Extracted data:
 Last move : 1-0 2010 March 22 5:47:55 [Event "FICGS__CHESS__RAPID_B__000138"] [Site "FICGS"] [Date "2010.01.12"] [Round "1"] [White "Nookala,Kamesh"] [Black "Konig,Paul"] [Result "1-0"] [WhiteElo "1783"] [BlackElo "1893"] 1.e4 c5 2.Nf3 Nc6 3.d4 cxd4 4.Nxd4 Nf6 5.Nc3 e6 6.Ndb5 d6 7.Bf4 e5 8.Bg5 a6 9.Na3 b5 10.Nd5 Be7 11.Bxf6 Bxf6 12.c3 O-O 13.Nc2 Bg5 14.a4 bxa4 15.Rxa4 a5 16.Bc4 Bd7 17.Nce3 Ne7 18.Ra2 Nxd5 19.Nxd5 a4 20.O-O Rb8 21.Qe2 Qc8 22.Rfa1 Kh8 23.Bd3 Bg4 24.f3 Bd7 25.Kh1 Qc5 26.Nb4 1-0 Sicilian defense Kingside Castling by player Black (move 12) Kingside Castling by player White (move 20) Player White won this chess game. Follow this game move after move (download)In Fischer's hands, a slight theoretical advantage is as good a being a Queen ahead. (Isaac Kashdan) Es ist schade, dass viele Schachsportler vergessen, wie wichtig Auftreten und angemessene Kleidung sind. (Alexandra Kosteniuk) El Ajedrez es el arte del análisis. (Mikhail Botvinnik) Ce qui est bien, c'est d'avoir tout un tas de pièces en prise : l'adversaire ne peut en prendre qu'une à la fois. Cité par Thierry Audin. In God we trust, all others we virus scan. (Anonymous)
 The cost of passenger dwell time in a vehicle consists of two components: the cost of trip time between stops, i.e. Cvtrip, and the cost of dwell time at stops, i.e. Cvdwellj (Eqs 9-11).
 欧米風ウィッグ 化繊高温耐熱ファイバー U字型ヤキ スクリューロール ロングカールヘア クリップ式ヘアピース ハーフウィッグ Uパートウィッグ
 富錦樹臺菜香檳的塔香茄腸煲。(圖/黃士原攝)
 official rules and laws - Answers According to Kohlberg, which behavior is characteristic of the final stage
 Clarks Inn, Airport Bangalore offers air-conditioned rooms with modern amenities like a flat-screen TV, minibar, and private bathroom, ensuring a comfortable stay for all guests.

Required work: Write out the full listing exactly as given.

Exercise result:
 Last move : 1-0 2010 March 22 5:47:55 [Event "FICGS__CHESS__RAPID_B__000138"] [Site "FICGS"] [Date "2010.01.12"] [Round "1"] [White "Nookala,Kamesh"] [Black "Konig,Paul"] [Result "1-0"] [WhiteElo "1783"] [BlackElo "1893"] 1.e4 c5 2.Nf3 Nc6 3.d4 cxd4 4.Nxd4 Nf6 5.Nc3 e6 6.Ndb5 d6 7.Bf4 e5 8.Bg5 a6 9.Na3 b5 10.Nd5 Be7 11.Bxf6 Bxf6 12.c3 O-O 13.Nc2 Bg5 14.a4 bxa4 15.Rxa4 a5 16.Bc4 Bd7 17.Nce3 Ne7 18.Ra2 Nxd5 19.Nxd5 a4 20.O-O Rb8 21.Qe2 Qc8 22.Rfa1 Kh8 23.Bd3 Bg4 24.f3 Bd7 25.Kh1 Qc5 26.Nb4 1-0 Sicilian defense Kingside Castling by player Black (move 12) Kingside Castling by player White (move 20) Player White won this chess game. Follow this game move after move (download)In Fischer's hands, a slight theoretical advantage is as good a being a Queen ahead. (Isaac Kashdan) Es ist schade, dass viele Schachsportler vergessen, wie wichtig Auftreten und angemessene Kleidung sind. (Alexandra Kosteniuk) El Ajedrez es el arte del análisis. (Mikhail Botvinnik) Ce qui est bien, c'est d'avoir tout un tas de pièces en prise : l'adversaire ne peut en prendre qu'une à la fois. Cité par Thierry Audin. In God we trust, all others we virus scan. (Anonymous)
 The cost of passenger dwell time in a vehicle consists of two components: the cost of trip time between stops, i.e. Cvtrip, and the cost of dwell time at stops, i.e. Cvdwellj (Eqs 9-11).
 欧米風ウィッグ 化繊高温耐熱ファイバー U字型ヤキ スクリューロール ロングカールヘア クリップ式ヘアピース ハーフウィッグ Uパートウィッグ
 富錦樹臺菜香檳的塔香茄腸煲。(圖/黃士原攝)
 official rules and laws - Answers According to Kohlberg, which behavior is characteristic of the final stage
 Clarks Inn, Airport Bangalore offers air-conditioned rooms with modern amenities like a flat-screen TV, minibar, and private bathroom, ensuring a comfortable stay for all guests.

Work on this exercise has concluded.